Published piece: So you want to create your own gap year – here’s how

WHEN YOU TAKE a gap year, you are not only giving yourself an opportunity to see the world, you are also giving yourself a gift of a lifetime. Through planning, learning, and experimenting along the way, you’ll develop and harness life skills hard to learn otherwise. The experience opens the mind to different cultural perspectives where you’ll learn to thrive with significant autonomy.

The initial idea of a gap year, where students take a year of academic sabbatical to travel, has evolved. Gap years are no longer limited to students and have grown to include those who have found a way to work remotely. The line between work and travel has since been blurred, and has ultimately spawned the creation of combining the two into a whole different work and travel experience, appealing to freelancers, entrepreneurs, and digital nomads alike. However, many companies nowadays are trying to get you to pay them to handle the back-end work, such as travel and lodging logistics, for you.

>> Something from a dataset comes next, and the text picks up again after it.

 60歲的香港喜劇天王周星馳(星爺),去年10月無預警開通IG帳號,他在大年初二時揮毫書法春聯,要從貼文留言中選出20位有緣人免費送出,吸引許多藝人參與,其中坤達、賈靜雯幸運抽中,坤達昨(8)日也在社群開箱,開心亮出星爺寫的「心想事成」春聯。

But they are expensive, and outsourcing that work ultimately robs you of part of the travel experience. Planning this gap year on your own will provide you the flexibility of choosing where you want to go. Take off as fast as you want, or stay for much longer, visas permitting.

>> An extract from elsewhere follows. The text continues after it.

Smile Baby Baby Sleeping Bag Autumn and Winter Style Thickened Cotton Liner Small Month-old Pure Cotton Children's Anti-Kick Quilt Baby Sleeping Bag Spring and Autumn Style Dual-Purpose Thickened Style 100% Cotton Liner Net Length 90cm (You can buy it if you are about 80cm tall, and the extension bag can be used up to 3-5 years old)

Whether you have been itching for your chance to create your own gap year before you buckle down and shackle yourself to a desk job, or have finally found a way to work remotely as a digital nomad, here are the things you need to consider in order to create a successful gap year.

Figure out your intent

This might be a never-ending question, but having a basic idea of the big WHY will help you construct a plan to create your own gap year. Sometimes it’s to explore the rich cultures of a foreign country and try unfamiliar things. Other times the goal is to explore possible careers, gain international experience, and build connections with the locals. Maybe it’s a chance to fully embrace the “work hard, play hard” motto and find a community with that same commitment, or to challenge your comfort zone and find yourself. Often it’s simply a desire to escape from the realities of life back home, even for a while.